- **WHAT IS BEING ASKED**
Copy out exactly the lines spanning the line with "Каролина уехала на" to the line with "Leja wurde in", inclusive, from the data underneath, with no pictures.

- **DATA**
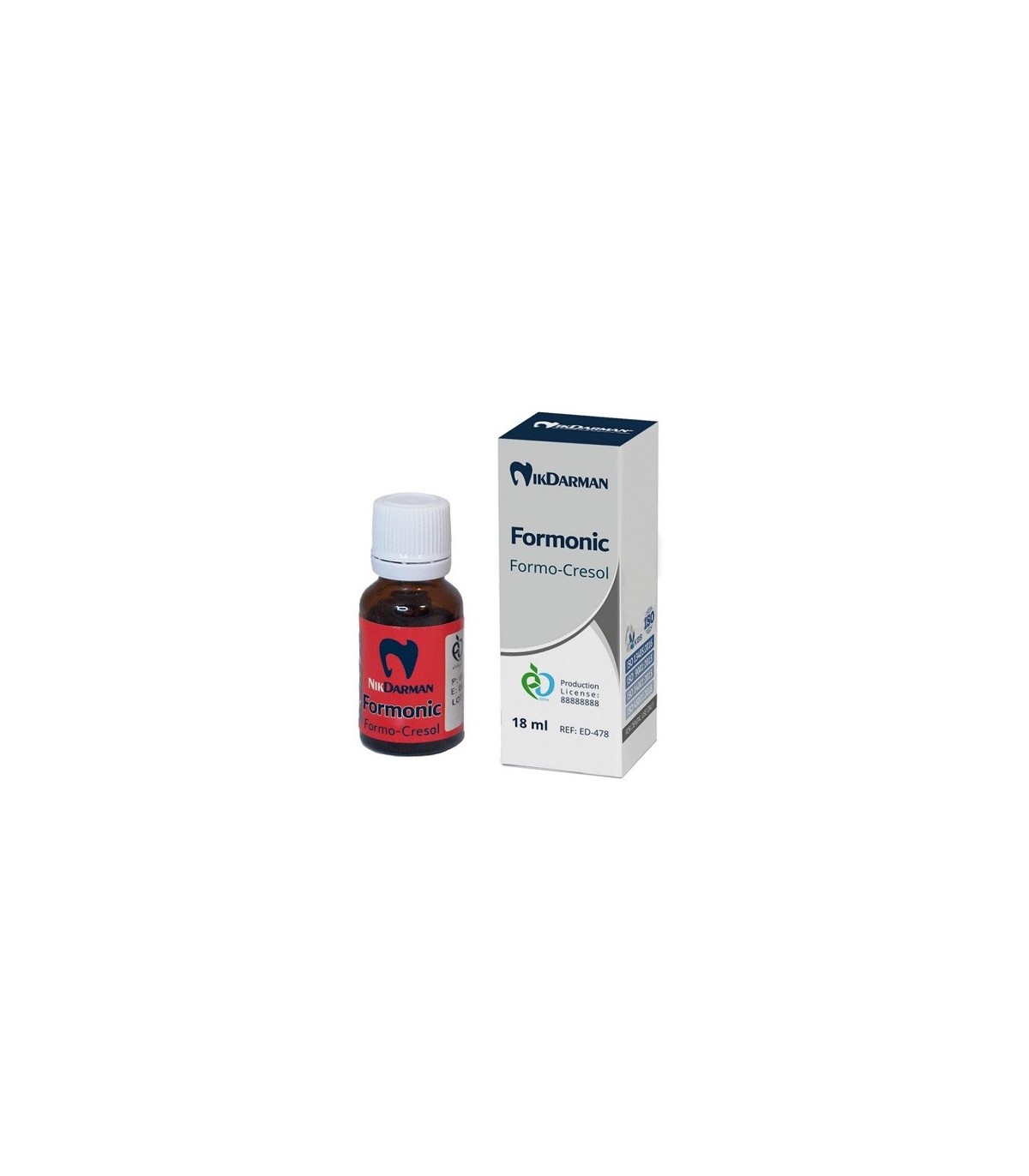 محلول فرموکرزول اطفال نیک درمان – Nik Darman Formanic : فرموکرزول ترکیبی ضد عفونی کننده است که از قریب ۸۰ سال پیش در دندانپزشکی استفاده می شود. این دارو برای پالپوتومی وایتال دندانهای شیری کودکان و به عنوان داروی داخل کانالی موقت در طی درمان ریشه مورد مصرف قرار می گیرد. فرموکرزول علاوه بر محافظت و استحکام پالپ دندان، با قدرت ضد عفونی کنندگی بالای خود، باعث از بین رفتن میکروارگانیسم های هوازی و بی هوازی در ریشه دندان می شود .
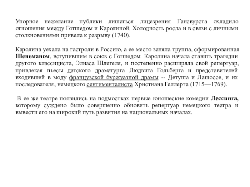 Каролина уехала на гастроли в Россию, а ее место заняла труппа, сформированная Шенеманом, вступившим в союз с Готшедом. Каролина начала ставить трагедии другого классициста, Элиаса Шлегеля, и постепенно расширяла свой репертуар, привлекая пьесы датского драматурга Людвига Гольберга и представителей входившей в моду французской буржуазной драмы -- Детуша и Лашоссе, и их последователя, немецкого сентименталиста Христиана Геллерта (1715—1769).
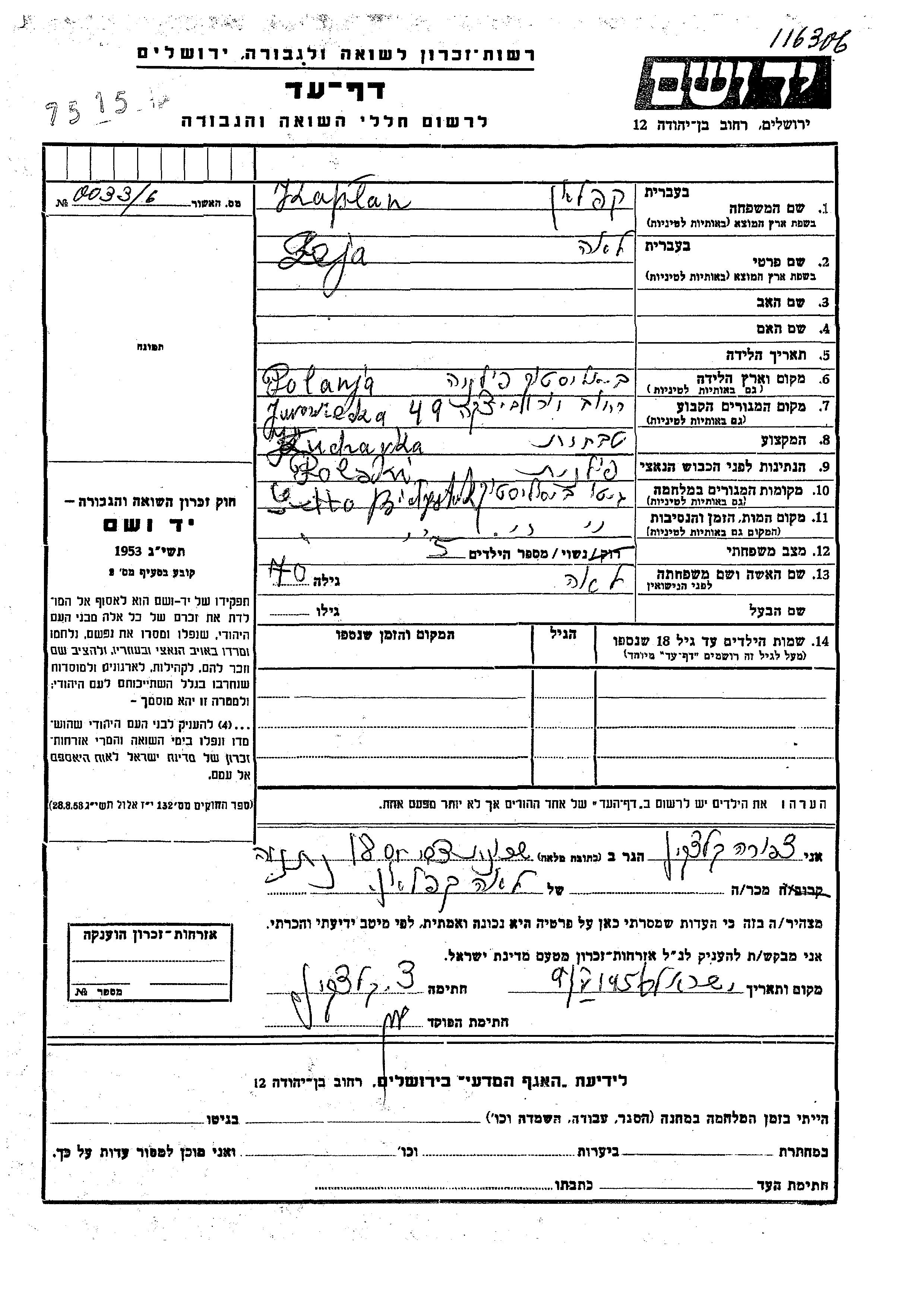 Leja wurde in der Schoah ermordet. Todesort: Bialistok, Polen.
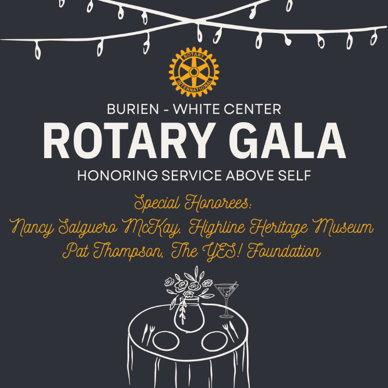 Our gala includes dinner, no-host bar, silent and live auction, raffles, and most importantly the Service Above Self Awards where we honor local un-sung heroes from Burien and White Center.

- **RESPONSE TO THIS EXERCISE**
 Каролина уехала на гастроли в Россию, а ее место заняла труппа, сформированная Шенеманом, вступившим в союз с Готшедом. Каролина начала ставить трагедии другого классициста, Элиаса Шлегеля, и постепенно расширяла свой репертуар, привлекая пьесы датского драматурга Людвига Гольберга и представителей входившей в моду французской буржуазной драмы -- Детуша и Лашоссе, и их последователя, немецкого сентименталиста Христиана Геллерта (1715—1769).
 Leja wurde in der Schoah ermordet. Todesort: Bialistok, Polen.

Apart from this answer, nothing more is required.